Back in the 1960s, Roland Barthes and Michel Foucault declared the author to be dead. What they meant was that, no artist (whatever their art form) authors their work alone. They draw upon the ideas they’ve encountered during their lives, finding inspiration in other works of art, in literature, journalism, gossip, and they integrate it all using practices of artistic production that they have learned. In other words, artists could be said to combine and recombine memes as they generate new memes. When their work is displayed, its audience members make their own meanings out of the piece, continuing its (dare I say) evolution and potentially using it to generate their own novel memes. And so on and so on until we get Internet art.
Barthes and Foucault’s ‘Death of the Author’ intervention was certainly timely, helping make sense of the artistic world past, present, and future. Warhol and his assistants were taking popular photos and screen-printing vivid multiples of ‘iconic’ figures in his studio, the Factory. During the 1968 uprisings in Paris, the Atelier Populaire artists were churning out striking, but pointedly anonymous, posters printed on paper donated to them by printers who were on strike. Duchamp had long since turned a urinal on its side, signed it ‘R. Mutt’, and called it ‘Fountain’. He’d added a moustache to a mass produced poster of the Mona Lisa and the letters ‘L. H. O. O. Q.’ (in French, ‘Elle a chaud au cul’, in English ‘She’s got a hot arse’ – which allegedly explained her self-satisfied smile). Such works of art challenged the notion of the solo artist working in isolation from mass culture and producing entirely novel, unique, and one off works of genius. Artists were embracing the products and the tools of mass production into their own creative practices. They were becoming ever more powerful ‘meme fountains’ to borrow a phrase from Richard Dawkins.

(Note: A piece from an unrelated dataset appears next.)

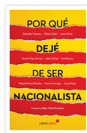
POR QUÉ DEJÉ DE SER NACIONALISTA AA.VV.

Not that any of this was all that new. Back in the eighteenth-century, when mass produced prints had runs of less that 5000 copies and cost the equivalent of an average worker’s weekly wage, artists were still involved in the transmission of memes that spread widely, albeit rather slowly. A statue of the Virgin Mary purported to be involved in miraculous cures would have prints made of it. Then a copy of the statue would be installed elsewhere, perhaps inspired by seeing the print, leading to more miracles,  more prints, and more statues. There are plenty of examples of works of art that, if conceived of as memes, have gone slowly, but sometimes internationally, viral over the centuries. And of course there are outstanding, thought provoking, moving, and disturbing works of fine art among the mass of memes online today. The difference is that Internet art ‘memes’ can reach and shape our cultures far more rapidly than has been possible at any previous point in human history. We live in a world with more fine art and more fine artists than ever ever before and some of their work is outstanding, if you can find it among all the funny viral image macros and derisive short films online.